Politics had forced the navy to be largely bystanders in the resulting ground oriented war, after Rhama was nearly destroyed. According to Nabarone, there could be no more Eight Ball attacks, because human raiders from some Rim world group had destroyed the orbital station where they were manufactured, and had wiped out the small stockpile of completed weapons. There was Tri-Vid recordings of that action, and scenes o
f the slave labor aliens being rescued.
Nabarone’s explanation, that a shortage of war material was the only reasonable explanation for the Krall to risk so much by removing them from Poldark, appeared borne out by events. It would have worked without a hitch, if Nabarone had not figured out what the clanship build up here had implied. That insight seemed suspect to Cadifem, since pig headed Henry Nabarone had seldom been so predictive in the past.
She had to admit that in the last few days, he seemed to be a different man. He thought faster, recalled details that most commanders needed their aides or AIs to recall for them, and he looked healthy. He had lost weight while he was healing from his broken leg, and moved more…, she hated to use the word graceful in describing anything to do with the boorish man. He limped at times, but occasionally seemed to have healed just fine.
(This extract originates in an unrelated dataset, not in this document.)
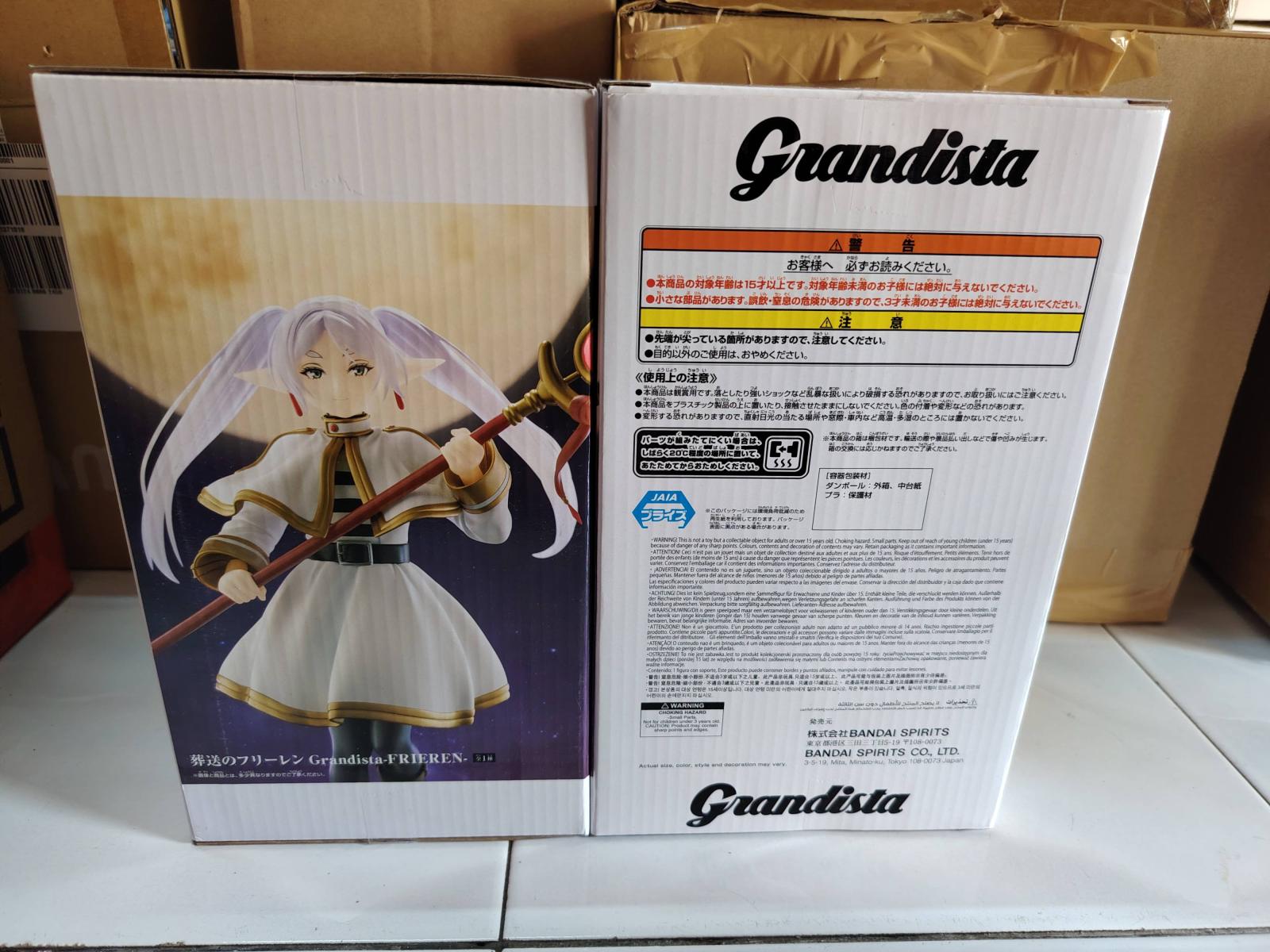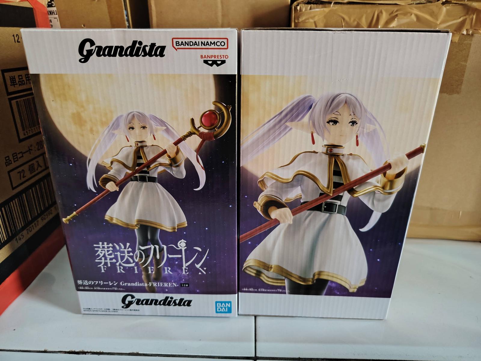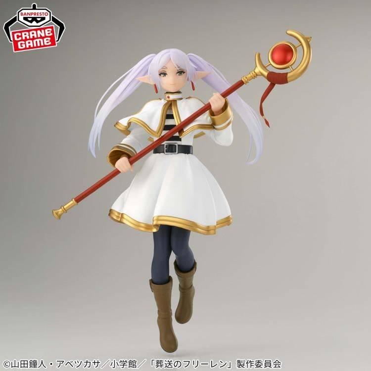 High-quality Banpresto Grandista figure of Frieren from the anime 'Sousou no Frieren'. Detailed sculpt with her signature white and gold outfit, long lavender hair, and magic staff. A perfect collectible for fans of the series.

Bledso was passing along a request from Foxworthy. “Henry, we’d like your Rim contacts to provide the same stealth coating for our Starfires as they have on the Shadows they flew. The spray-on temporary stealth for the cruisers helped them, but in the scrum they were in, it wasn’t as useful when they had to shoot constantly, revealing their locations. Can’t the navy buy some of those canisters of coating material they used? You know we’ll be looking at the stuff on the cruisers, and taking Starfires apart to see how it all works after they’re coated.”
“Admiral, I explained before that the Rimmer scientists claim they don’t yet fully understand the technology, and the alien Prada and Torki that gave us some help on that naturally have different languages. It will take time. You’ve had captured single ships and damaged clanships for a long time. You have never figured out how the stealth works from those examples.”